→ **Exercise instructions**:
Copy each line of the listing where the word "Вірменії" can be found.

→ **Material supplied**:

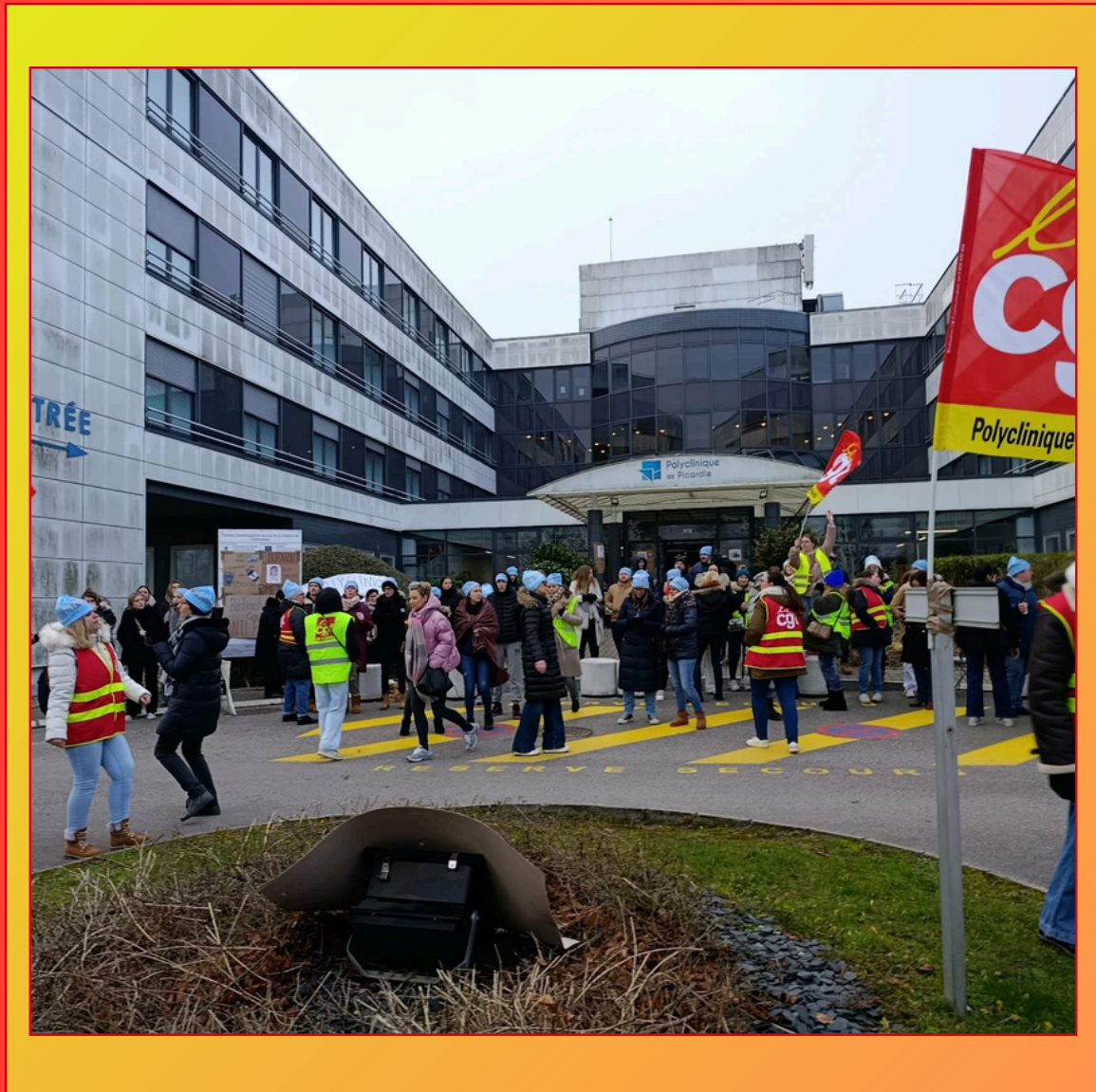
Débrayage à la polyclinique de Picardie
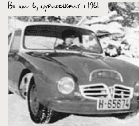
BIL NR. 6, NYPRODUSERT I 1961
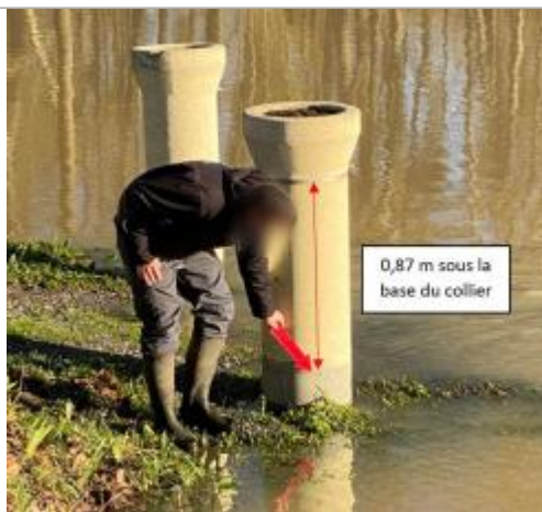
Vue du repère le 13/01/2025

SOURCE DE REPÉRAGE : SPC LACI ET SAVI 37, INDRE, RECENSEMENT JANVIER 2025 - 15/01/2025
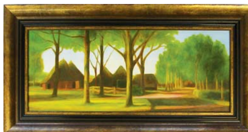
ingelijst paneel (Schilderij van Frea Stuurwold)
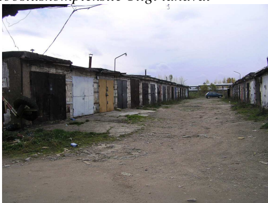
Foto 2.7 Vaade Narva tööstuspiirkonna lõuna osas paiknevatele garaažiühistustele
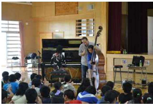
楽器演奏鑑賞及び体験 (宮古島市立久松小学校)
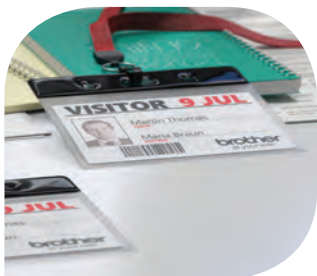
ฉลากติดบัตรผู้มาเยือน
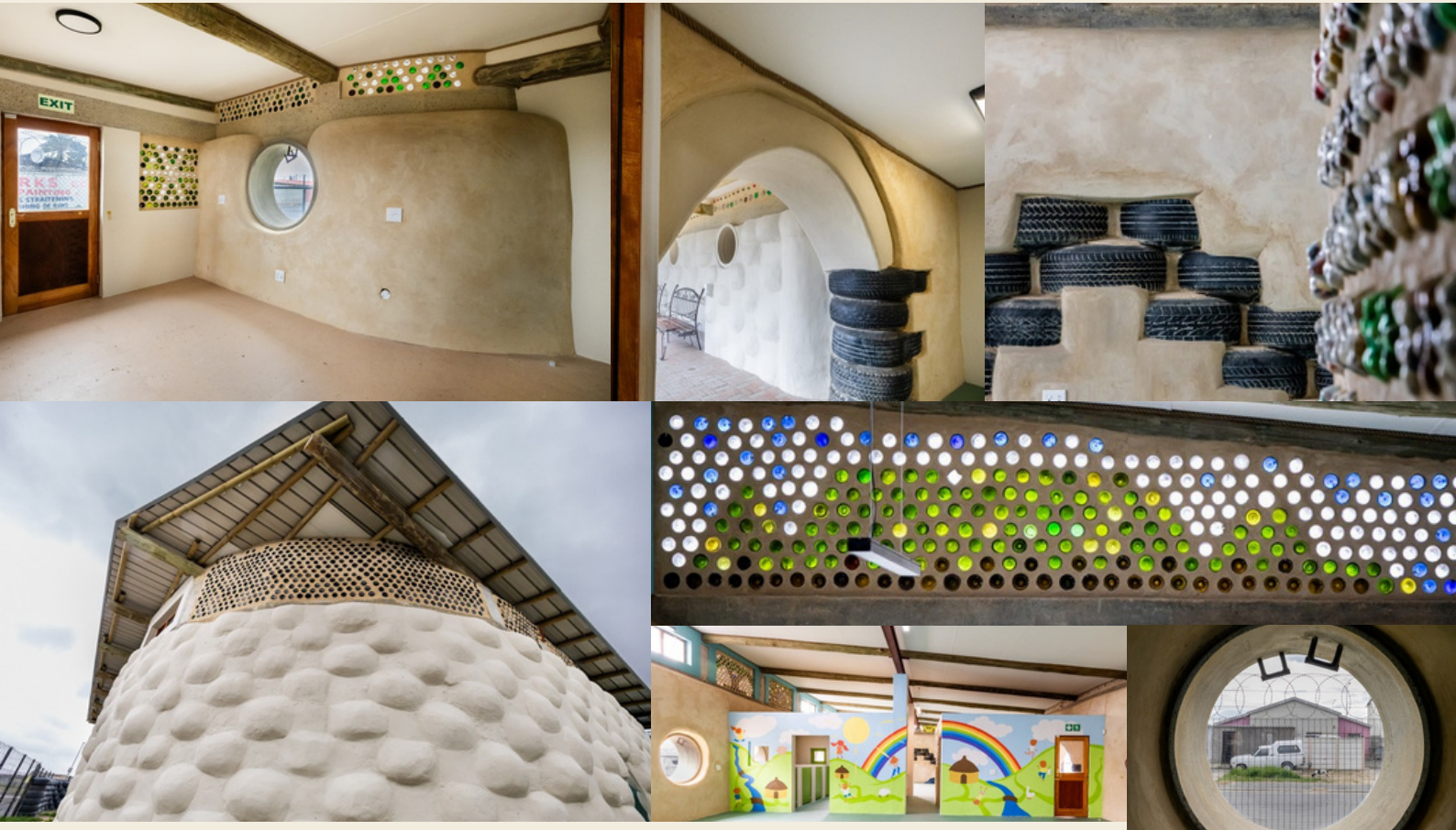
Goal50 setzt sich aus wiederverwerteten Reifen, Flaschen und Bauabfällen zusammen.
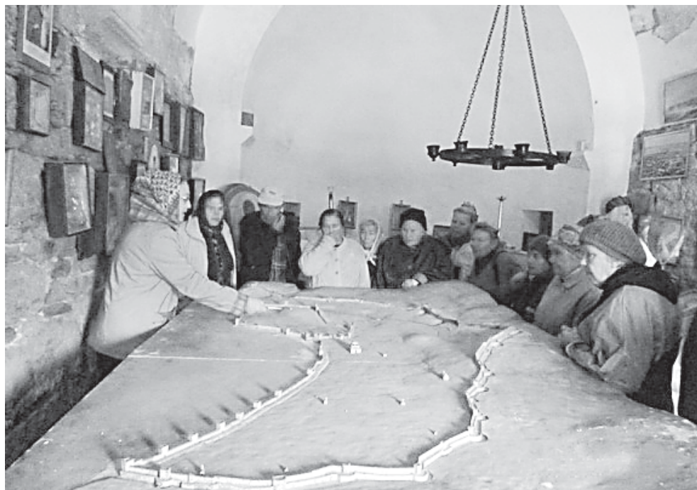
Свято-Георгиевский храм. У макета древней Кафы

Она рассказала о многовековой истории города, возникновении христианства в Феодосии, показала памятники истории и архитектуры средневековья. Особый интерес вызвал рассказ у маке-
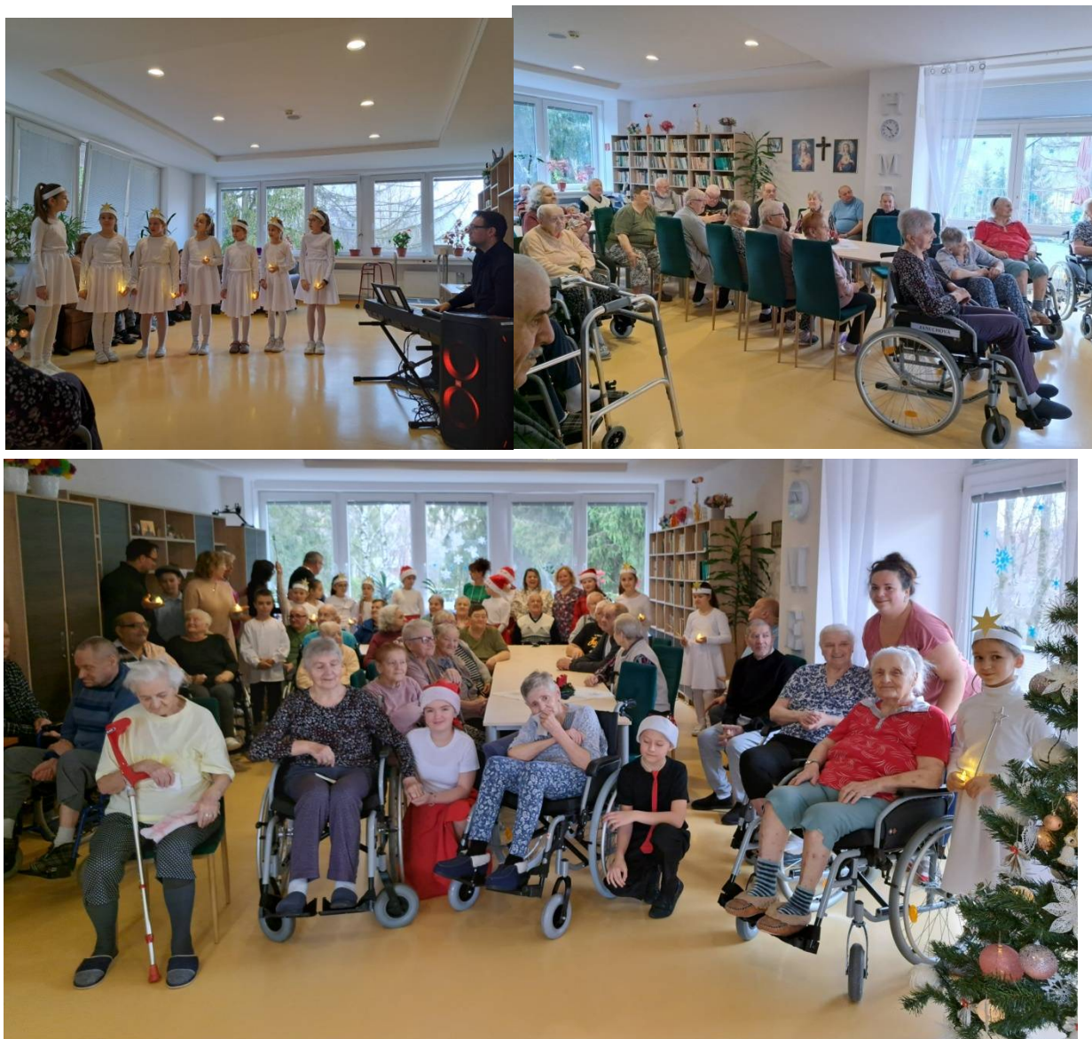
Vianočné vystúpenie žiakov zo ZŠ Komenkého

Veľké poďakovanie venujeme folklórnemu súboru Zaruba z obce Ňagov za krásne vianočné vystúpenie s pásmom Koleda, ktorým priniesli našim prijímateľom spomienky a pravú vianočnú atmosféru. Taktiež aj pedagógom a žiakom základných škôl na ulici Duchnovičovej a Komenkého, ktorí si pre našich starkých pripravili vystúpenia plné spevu a tanca. Pre detičky sme mali pripravené balíčky, na ktorých sa podieľali pri výrobe aj naši prijímatelia (vyrábali vianočných škriatkov z vlny).
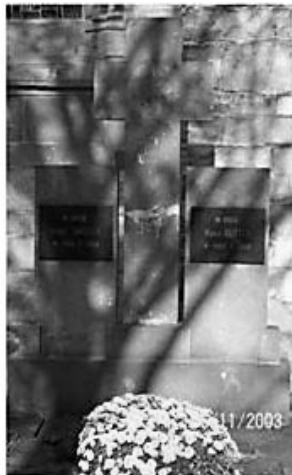
RIJ 1: A3-4 (wed. werd 1 eeuw oud) Echtp. Janssen-Rutten (80, 100 jr.)
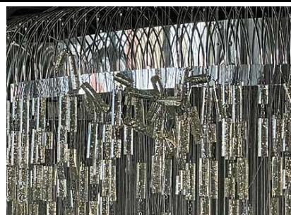
⑨ シャンデリア装飾 落下及び絡み
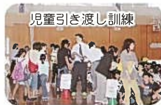
児童引き渡し訓練
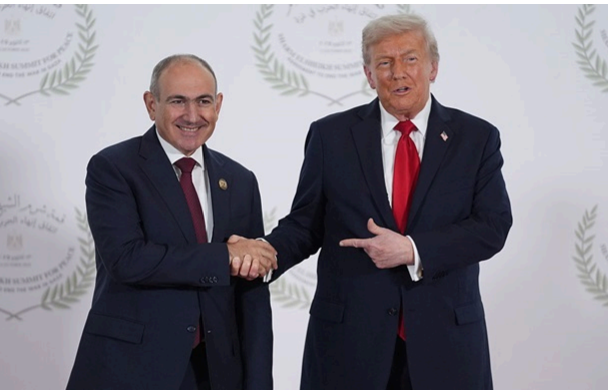
Дональд Трамп підтримував Нікола Пашиняна на виборах Вірменії

Лідер США пишається тим, що підтримав прем'єр-міністра Вірменії у його прагненні переобратися і висловив упевненість у блискучих перспективах країни.

→ **Solution**:
Дональд Трамп підтримував Нікола Пашиняна на виборах Вірменії
Лідер США пишається тим, що підтримав прем'єр-міністра Вірменії у його прагненні переобратися і висловив упевненість у блискучих перспективах країни.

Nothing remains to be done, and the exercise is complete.